Cell transplantation is an attractive potential therapy for heart diseases. For example, myocardial infarction (MI) is a leading cause of mortality in many countries. Numerous medical interventions have been developed to stabilize patients with MI and, although this has increased survival rates, there is currently no clinically approved method to reverse the loss of cardiac muscle cells (cardiomyocytes) that accompanies this disease. Cell transplantation has been proposed as a method to replace cardiomyocytes, but a safe and reliable source of cardiogenic cells is required. An ideal source would be the patients’ own somatic tissue cells, which could be converted into cardiogenic cells and transplanted into the site of MI. However, these are difficult to produce in large quantities and standardized protocols to produce cardiac cells would be advantageous for the research community. To achieve these research goals, small molecules represent attractive tools to control cell behavior. In this editorial, we introduce the use of small molecules in stem cell research and summarize their application to the induction of cardiogenesis in non-cardiac cells. Exciting new developments in this field are discussed, which we hope will encourage cardiac stem cell biologists to further consider employing small molecules in their culture protocols.
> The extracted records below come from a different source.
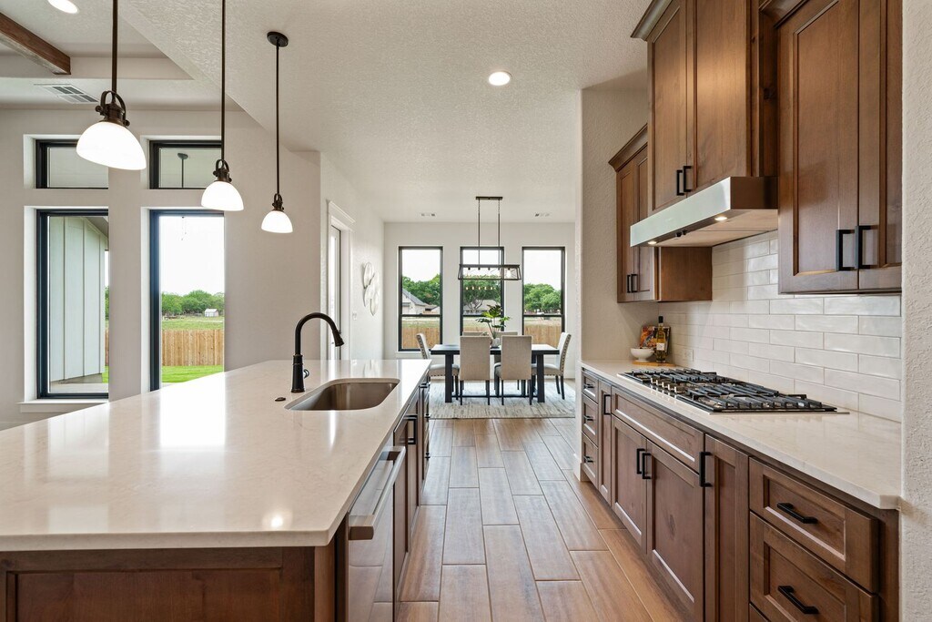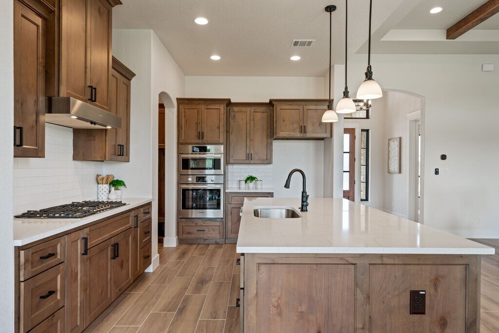 Welcome to luxury living at its finest in the serene and highly sought-after Country Village Estates of charming Castroville, Texas. This newly constructed custom residence by the esteemed Etter Custom Homes is a true showcase of superior craftsmanship, timeless design, and modern comfort. From the moment you step inside, you are welcomed by an atmosphere of sophistication and warmth. Impressive 8-foot shaker-style solid core doors, soaring ceilings, custom wood beam accents, and elegant judge’s paneling and shiplap wall treatments create a refined yet inviting aesthetic throughout the home. At the heart of the residence is a stunning chef’s kitchen thoughtfully designed to combine beauty and functionality. Outfitted with upgraded stainless steel Bosch appliances, this space features meticulously crafted custom cabinetry with dovetail drawers, hidden hinges, soft-close doors, convenient pull-out racks, and bespoke pantry cabinets that provide exceptional storage while maintaining a sleek, upscale look. The kitchen flows effortlessly into the spacious dining area and expansive living room, where a dramatic full-height stone fireplace serves as a striking focal point, making the home ideal for both entertaining guests and enjoying quiet evenings in. The private primary suite is a true retreat, offering a peaceful escape at the end of the day. The spa-inspired primary bath is equally impressive, featuring a freestanding oval soaking tub, separate vanities, and upgraded designer fixtures that blend luxury with everyday convenience. Adding to the home’s versatility is a thoughtfully designed flex space with endless possibilities such as a 4th bedroom. Outside, the home continues to impress with inviting outdoor living spaces, including a spacious covered patio and a welcoming front porch, both perfect for relaxing, entertaining, and enjoying the peace and privacy of this prestigious community. This is more than just a home—it is a statement of quality, elegance, and thoughtful design in one of Castroville’s most desirable neighborhoods.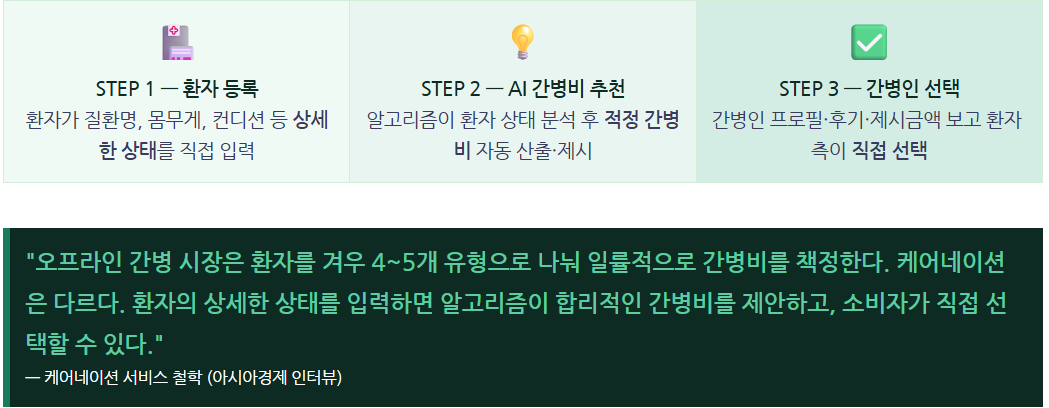 케어네이션이 증명한 것은 간단합니다. 불투명하고 불합리한 시장일수록, 데이터와 기술로 투명하게 만드는 기업이 이긴다는 것입니다. 10조 원 규모의 간병 시장에서 55만 회원과 24만 간병인을 모은 것은 단순한 마케팅의 결과가 아닙니다.
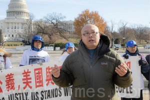 圖為2019年12月3日,中國民主黨美東黨部副主席石宇歌參加集會發言。(林樂予/大紀元)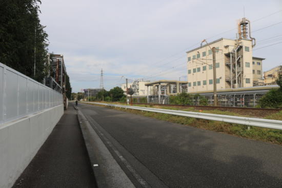 道が線路から離れ始めると、両側は工場地帯から住宅地に変わった。
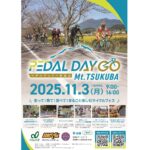 ねPEDAL DAY GO Mt.TSUKUBA <食・体験・鑑賞>Bicycle Event2025.11.3 月 9:00~16:00走って!見て!食べて!まるごと楽しむサイクルフェス 入場無料!小学生以下は無料でもらえる特製ノベルティあり! サイクルスタンプラリー、チームライド、BMXレーシングシリーズ、弱虫ペダルとのコラボレーションなど https://pedaldaygo.com/ (入場無料)主催/サイクルパークつくば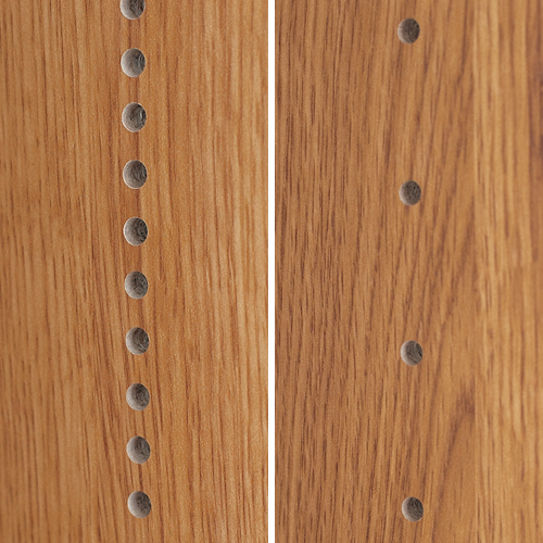 • 手前の棚板は1cmピッチ、奥は3.2cmピッチで高さを調節でき、効率よく本を収納できます。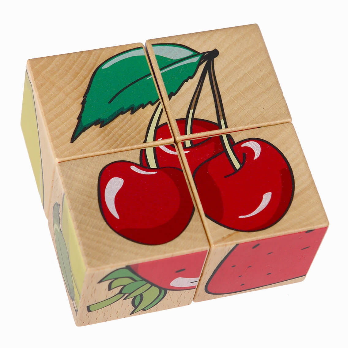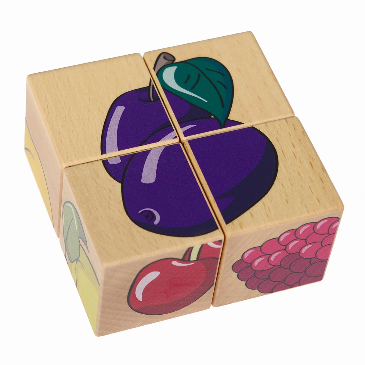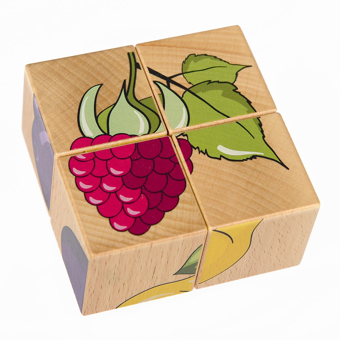 W zestawie 4 klocki w kształcie sześcianów. Na każdej stronie znajduje się element innego obrazka przedstawiającego owoc. Do wyboru mamy wiśnie, jabłko, gruszka , śliwka, malina , truskawka.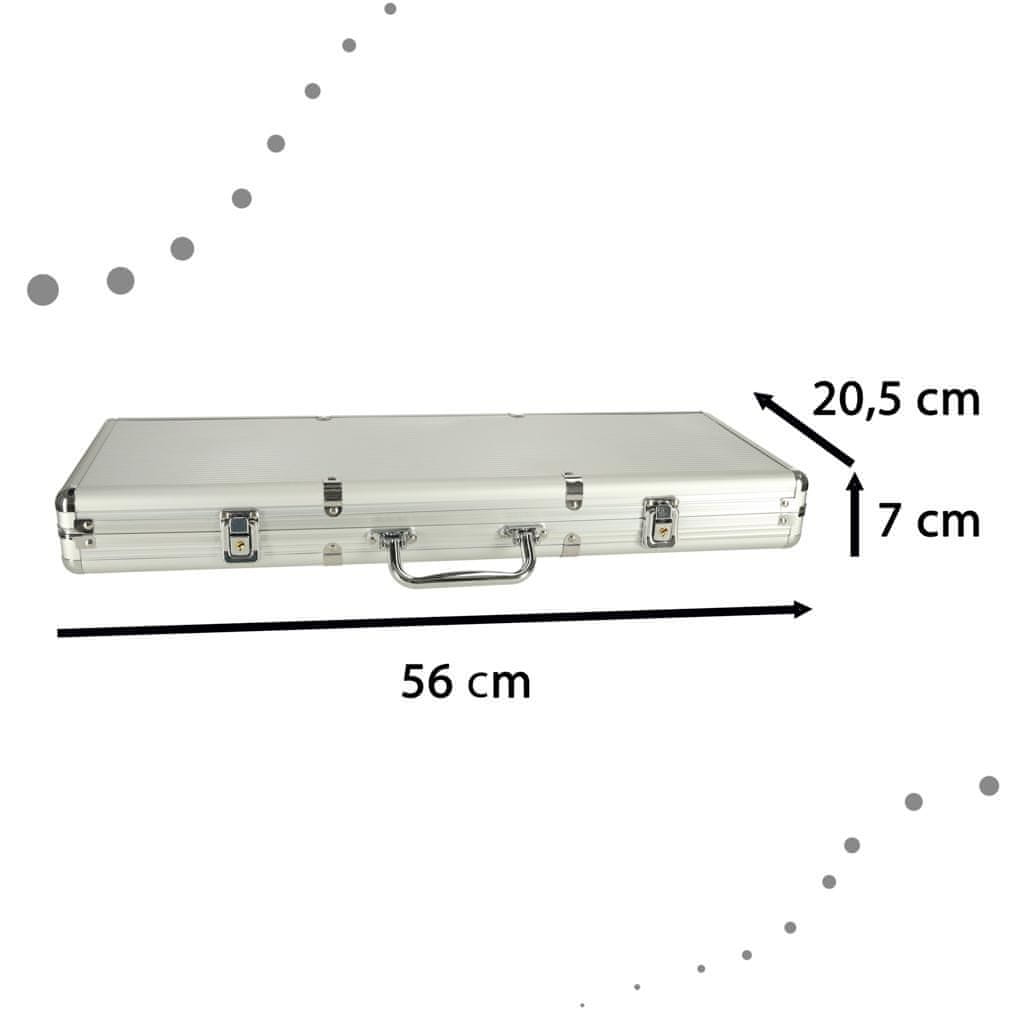 Poker set vključuje vse, kar potrebujete za uživanje v razburljivem poker večeru s prijatelji ali družino. S tem kompletom lahko ustvarite igralniško vzdušje kar v svoji dnevni sobi. Vsebina paketa vključuje 500 žetonov, ki vam omogočajo stavljanje in zvišanje stav. Z dvema kompletoma kart lahko igrate različne različice pokra ali drugih iger s kartami.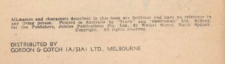 All names and characters described in this book are fictitious and have no reference to any living person. Printed in Australia by "Truth" and "Sportsman" Ltd., Sydney. for the publishers, Jubilee Publications Pty. Ltd., 83 Walker Street, North Sydney. Copyright. All rightsd reserved. Distributed by gordon & Gotch (A/sia) Ltd., Melbourne.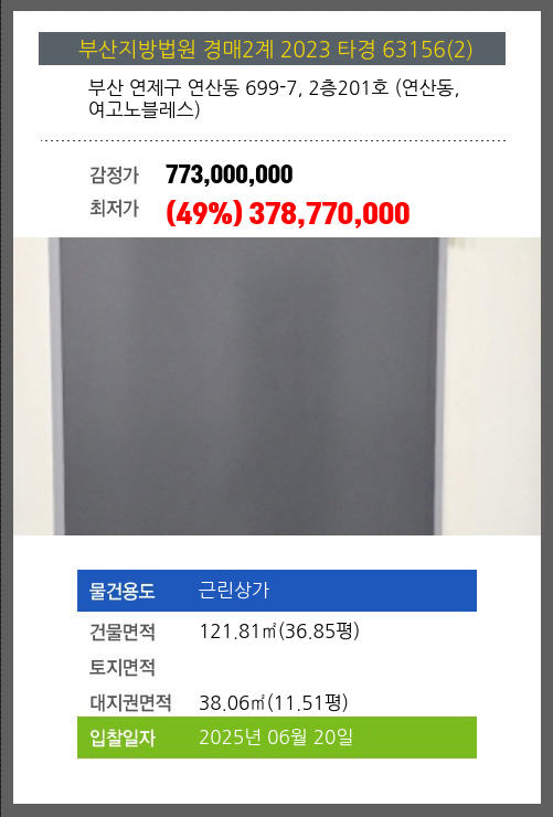 본건은 부산 연제구 연산동 699-7, 2층201호 (연산동,여고노블레스)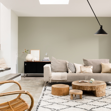 Green Tea is een zachte grijsgroene tint met een warme ondertoon. De kleur zorgt voor een kalme en natuurlijke uitstraling en is zeer geschikt voor ruimtes zoals de slaapkamer, badkamer of werkkamer. Green Tea past goed in Scandinavische, minimalistische en rustieke interieurs en combineert mooi met wit, licht hout en natuurlijke materialen zoals linnen, keramiek of rotan.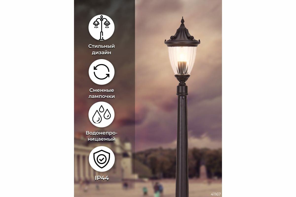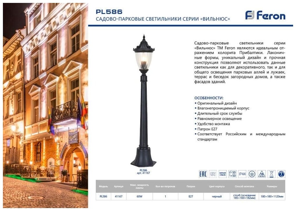 Наземный фонарь Вильнюс 41167 IP44 - продукт известной компании Feron (Китай). Имеет максимальную мощность 60 Вт, освещает площадь до 3 кв. м. Отлично подойдет для таких мест, как сад. Впишется в интерьеры следующих стилей: классический.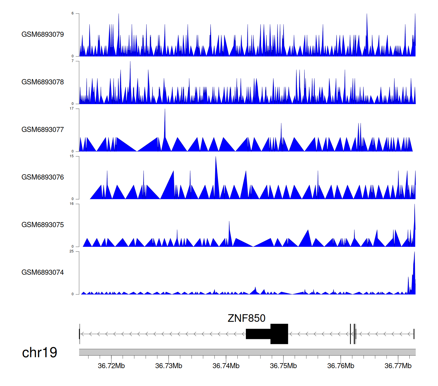 > Dataset: GSE211651 - ZNF850 peak across samples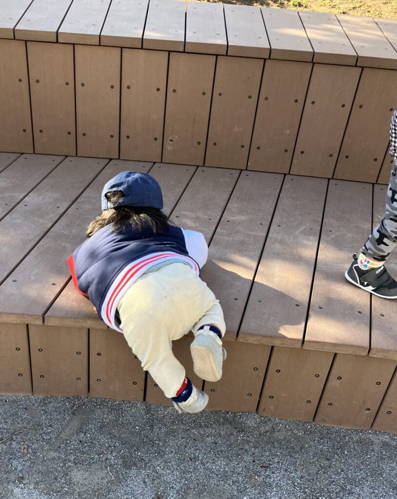 高台に上り下り(ちゃんと下りる時は後ろ向きになり、足から下りています)したり、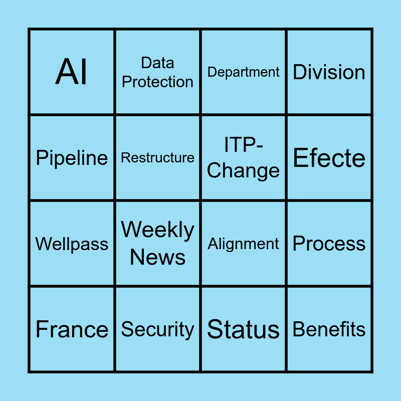 This bingo card has 16 words: Security, Process, Department, AI, Wellpass, Data Protection, Alignment, Status, Pipeline, Restructure, France, Division, Weekly News, Efecte, ITP-Change and Benefits.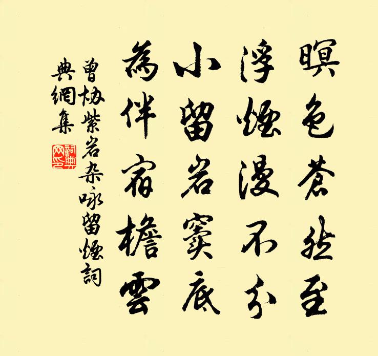 詩詞名句歷史字典書法欣賞書法字典國語詞典說文解字康熙字典古漢語字典標 題 作 者 詩 句 紫岩雜詠留煙作者:曾協 朝代:宋代紫岩雜詠留煙原文暝色蒼然至,浮煙漫不分。小留岩竇底,為伴宿檐雲。詩詞問答問:紫岩雜詠留煙的作者是誰?答:曾協問:紫岩雜詠留煙寫於哪個朝代?答:宋代曾協紫岩雜詠留煙書法欣賞紫岩雜詠留煙書法作品詩詞推薦十用喜雨韻三首吳潛〔宋代〕喜極夫何恨不禁,五更霜角夜聲沈。滴殘塞北征夫淚,點碎江南遊子心。久客情懷愁似織,休官時候夢非簪。寶陀怪夢十首方回〔宋代〕休官二十載,絲髮不身謀。肯顧江淹恨,焉知庾信愁。但當思反魯,何必望封留。閉目常危坐,胸中百尺樓。閒居寄太學盧景博士陳陶〔唐代〕無路青冥奪錦袍,恥隨黃雀住蓬蒿。碧雲夢後山風起,珠樹詩成海月高。久滯鼎書求羽翼,未忘龍闕致波濤。閒來謝居簡送茶麵陳著〔宋代〕銀絲餅熟筍供臛,玉糝羹香花嗽芽。食粥案頭添雅供,不知此味更誰家。次韻集津兄會群從王敦素宿王立之園明日西征晃沖之〔宋代〕秋高訪幽居,風急桑未落。天寒雞犬靜,地僻門巷闊。主人避世賢,自說久棲泊。呼兒出樽罍,梨栗亦不惡。賓客西江月 新秋寫興劉辰翁〔宋代〕天上低昂似舊,人間兒女成狂。夜來處處試新妝。卻是人間天上。不覺新涼似水,相思兩鬢如霜。夢從海底跨枯桑枕上聞蛩有感舒岳祥〔宋代〕桑鳥催耕緣底事,草蟲促織竟何成。春風秋月祗垂淚,北斗南箕空得名。有客悲歌持築擊,何時至治以韶鳴。吾儕顏徒貧樂齋二首黃庭堅〔宋代〕衡門低首過,環堵容膝坐。四旁無給侍,百衲自纏裹。論事直如弦,觀書曲肱臥。飢來或乞食,有道無不可。張尚書輓詩王炎〔宋代〕細數青雲士,如公有幾人。登龍心不遂。烹鯉字猶新。後進思高誼,中朝念信臣。百年喬木折,有識共酸辛。六用喜雪韻二首吳潛〔宋代〕白戰從來號令難,不知此令孰抽端。開倉自有齊相國,排戶何煩漢縣官。坐覺閻浮塵世隔,便同佛度化成看。遙思新愁晁說之〔宋代〕宿悵故難遣,新愁豈易安。囷空鼠號擲,庭靜鳥喑寒。月盛中秋色,人虧上國歡。灣頭十二衛,泣涕乞同鑾。同王右丞送瑗公南歸崔興宗〔唐代〕行苦神亦秀,泠然谿上松。銅瓶與竹杖,來自祝融峰。常願入靈岳,藏經訪遺蹤。南歸見長老,且為說心胸。塞上王建〔唐代〕漫漫復淒淒,黃沙暮漸迷。人當故鄉立,馬過舊營嘶。斷雁逢冰磧,回軍占雪溪。夜來山下哭,應是送降奚。挽張雅州李流謙〔宋代〕酣飽風煙德有芽,從來三戟是張家。翩翩群從同時貴,落落高門一世華。人自不欺華用忍,身如可贖但空嗟。路人錢伯同新創明暉閣韓元吉〔宋代〕使君談笑兩橋成,人向晴虹鏡里行。更辟軒窗待遊覽,要看山水倍澄明。波寬十頃知魚樂,歲熟千家響碓聲。收拾家人生朝吳芾〔宋代〕相從四十年,於今成二老。向來苦宦遊,頗恨歸不早。我家枕湖山,仿佛如蓬島。今始得歸來,方喜開懷抱。復值和樂天柘枝劉禹錫〔唐代〕柘枝本出楚王家,玉面添嬌舞態奢。松鬢改梳鸞鳳髻,新衫別織鬥雞紗。鼓催殘拍腰身軟,汗透羅衣雨點花。畫筵石壁釋紹曇〔宋代〕一方峭峻絕安排,立處還同萬仞崖。盧老倩人書不得,春日濈濈長莓苔。武昌南樓懷古章采〔宋代〕青虬修士去遒遒,黃鶴飛仙苒苒游。北望日邊秦樹遠,西來雪外蜀江浮。吳時宮殿千年夢,晉國風塵萬里愁。今古水調歌頭李曾伯〔宋代〕一番花蓼花雨,花幾陣桂枝風。杖藜多暇,準擬同醉小山重。底事阮郎清致,苦托休文瘦損,咫尺阻西東。秋色浩名句推薦我與我周旋久,寧作我。劉義慶《世說新語·品藻》 翠輦不來金殿閉,宮鶯銜出上陽花雍陶《天津橋望春》 白頭太守真愚甚,滿插茱萸望辟邪。宋祁《九日置酒》 是以動則必陷,為則必辱,是偏傷之患也。荀子《荀子·不苟》 牽牛織女遙相望,爾獨何辜限河梁。曹丕《燕歌行二首·其一》 千虛不如一實。馮夢龍《警世通言·卷三》 故鄉歸去千里,佳處輒遲留。蘇軾《水調歌頭·安石在東海》 看蓬門秋草,年年破巷,疏窗細雨,夜夜孤燈。鄭燮《沁園春·恨》 莫避春陰上馬遲。春來未有不陰時。辛棄疾《鷓鴣天·送歐陽國瑞入吳中》 春水滿四澤,夏雲多奇峰。陶淵明《四時》

Keywords: Cardiogenesis; Cell reprogramming; Somatic cells; Small molecules; Cardiovascular disease

Core tip: There are a plethora of methods to manipulate the phenotype of somatic cells and convert them into different cell types, such as cardiac cells. The use of small molecules provides numerous advantages, such as ease of use, tight temporal control and reversible effects on target proteins. Significantly, the production of small molecules is cheap and synthesis can be readily standardized. This would allow non-specialist stem cell laboratories to readily adopt small molecule-based methods to produce functional cardiac cells from multiple cell sources, including therapeutic applications requiring the somatic cells of patients with cardiovascular disease.